## Assignment
Leaving out the pictures, retype the lines from the beginning of the listing through the line containing "请你画一画,试着把下面的两个图形利用给出的格点放大".

============

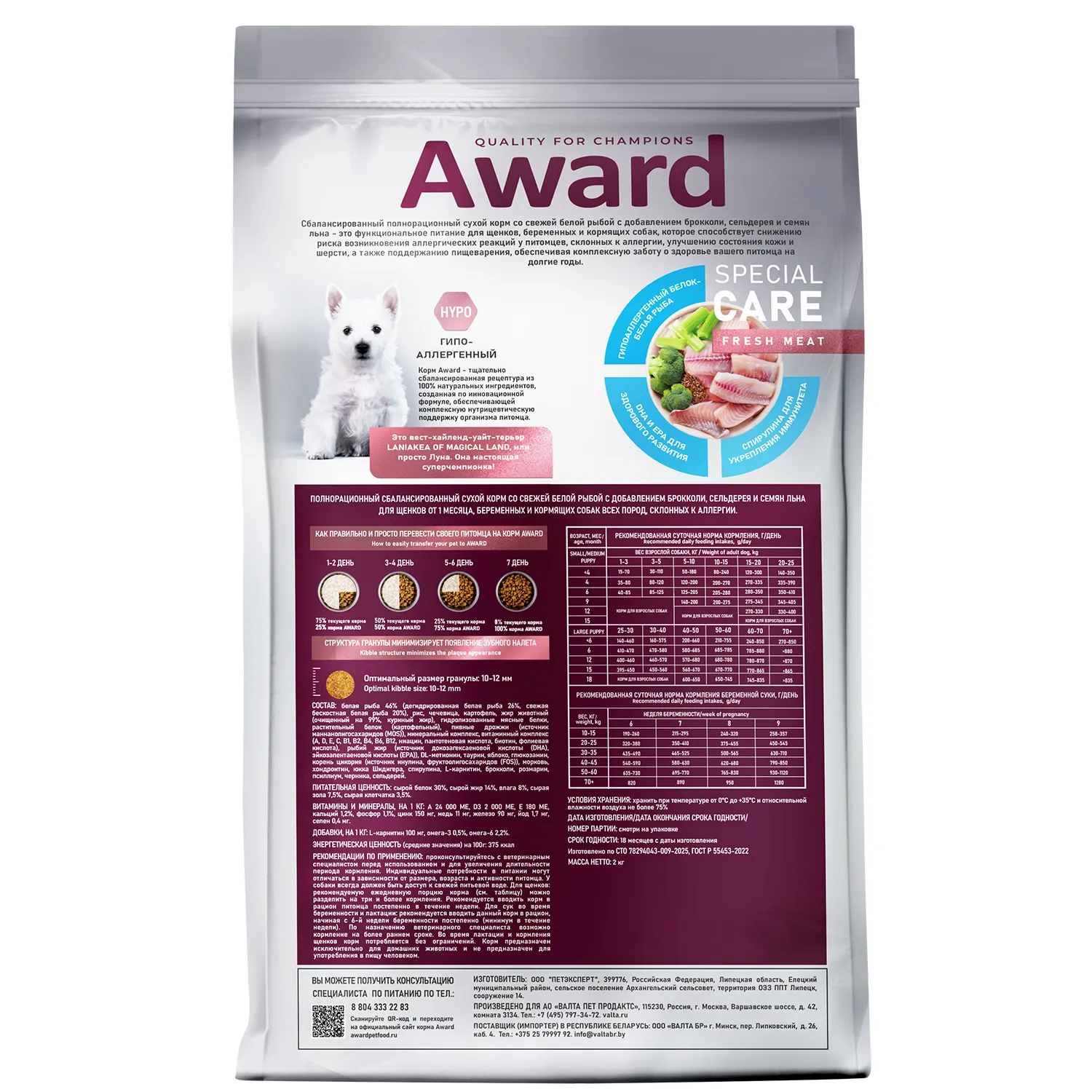 2кг Корм Award SPECIAL CARE HYPO PUPPY для щенков от 1 месяца, беременных и кормящих собак всех пород, склонных к аллергии со свежей белой Рыбой
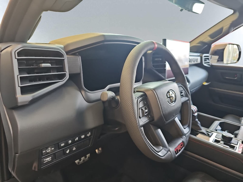 • TRD leather-wrapped manual tilt/telescopic steering wheel with TRD badge, red center stripe, and phone, audio, display/infotainment, and Driver Assist controls
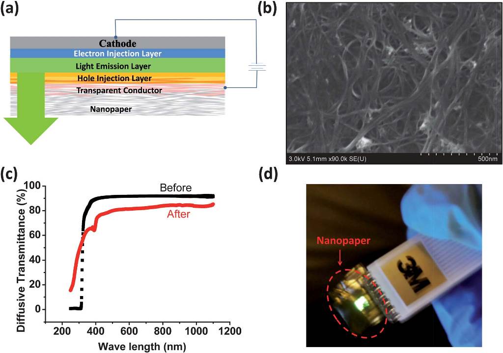 It firstly reported to fabricate flexible OLED by using nanopaper.
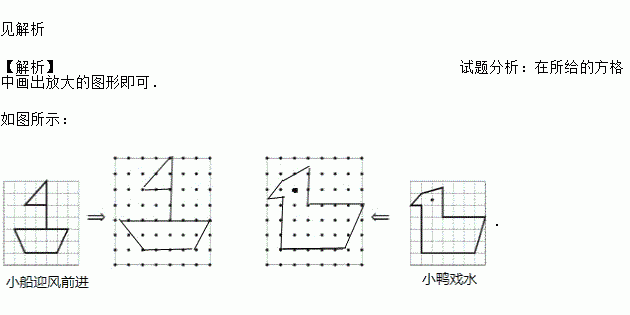 请你画一画,试着把下面的两个图形利用给出的格点放大
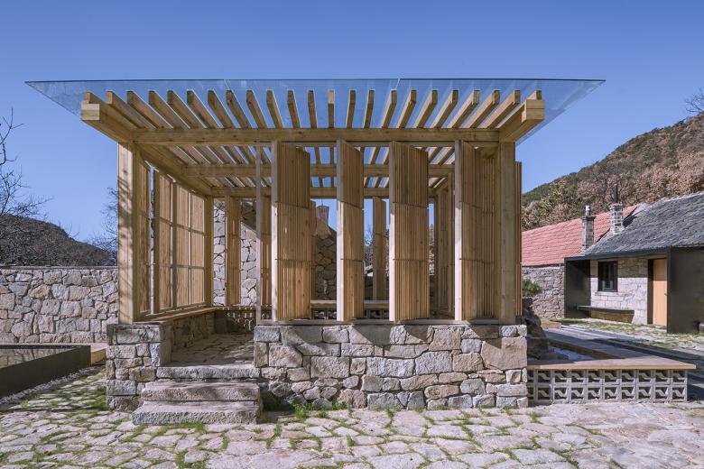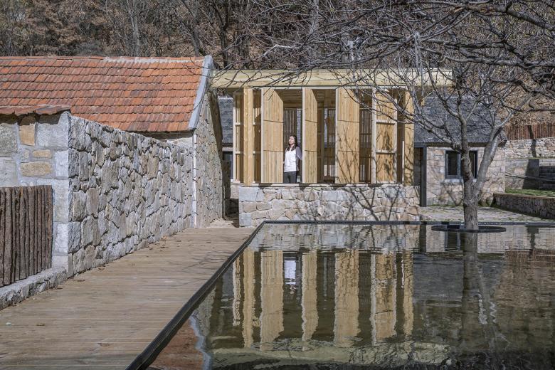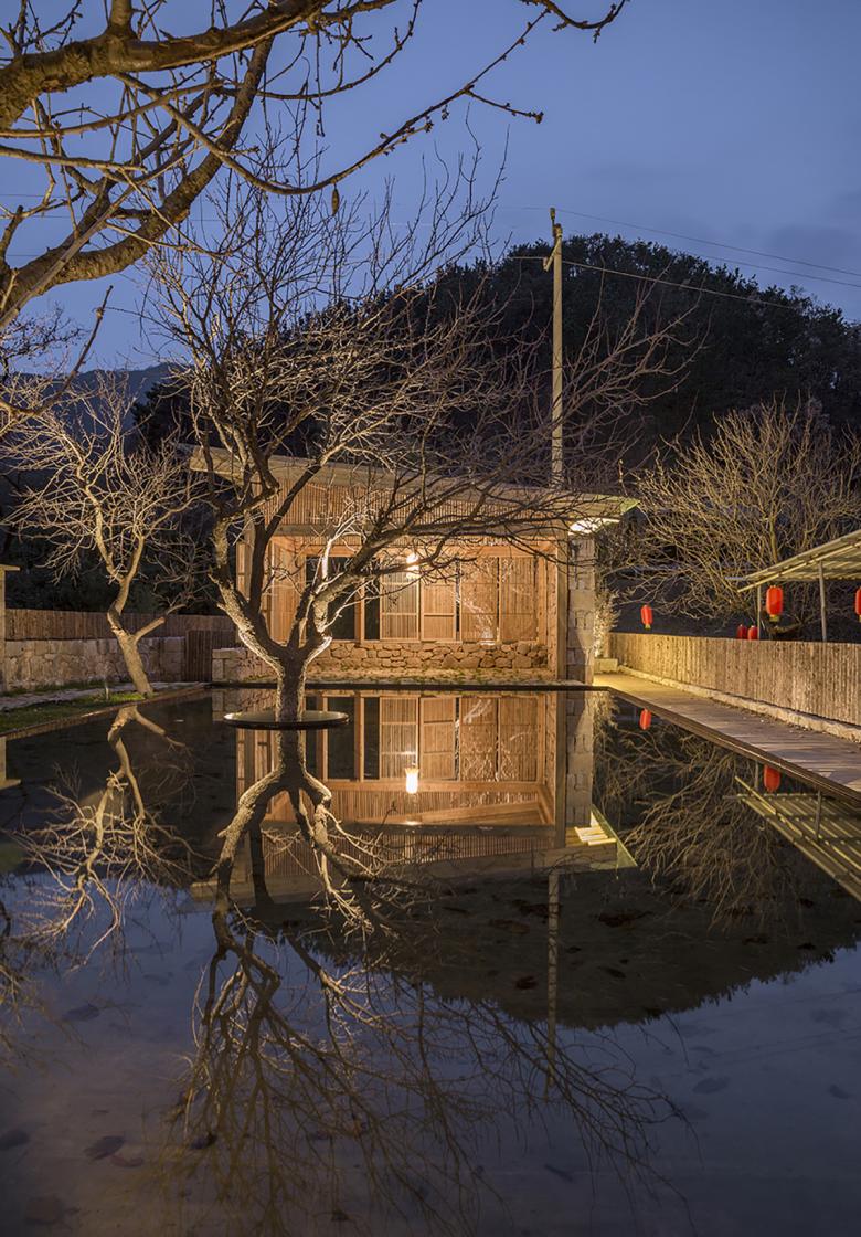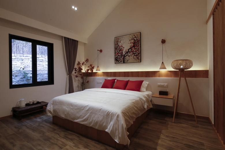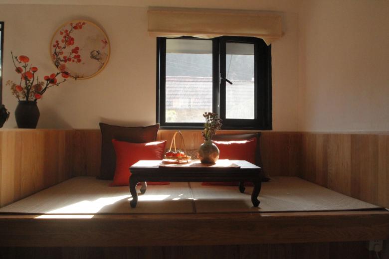 For the walls, regional traditional techniques of stone-laying and wooden fence have also been used. The newly laid stones, the formerly laid stones and the original tiger skin stone walls have altogether formed a dialogue of the traditional construction techniques through time and space. The clearings at the foot of the mountains behind the buildings are tidied up to be the backyard of the guesthouse, with meadow, catalpa trees and a swing, private and cozy.

============

## Response
 2кг Корм Award SPECIAL CARE HYPO PUPPY для щенков от 1 месяца, беременных и кормящих собак всех пород, склонных к аллергии со свежей белой Рыбой
 • TRD leather-wrapped manual tilt/telescopic steering wheel with TRD badge, red center stripe, and phone, audio, display/infotainment, and Driver Assist controls
 It firstly reported to fabricate flexible OLED by using nanopaper.
 请你画一画,试着把下面的两个图形利用给出的格点放大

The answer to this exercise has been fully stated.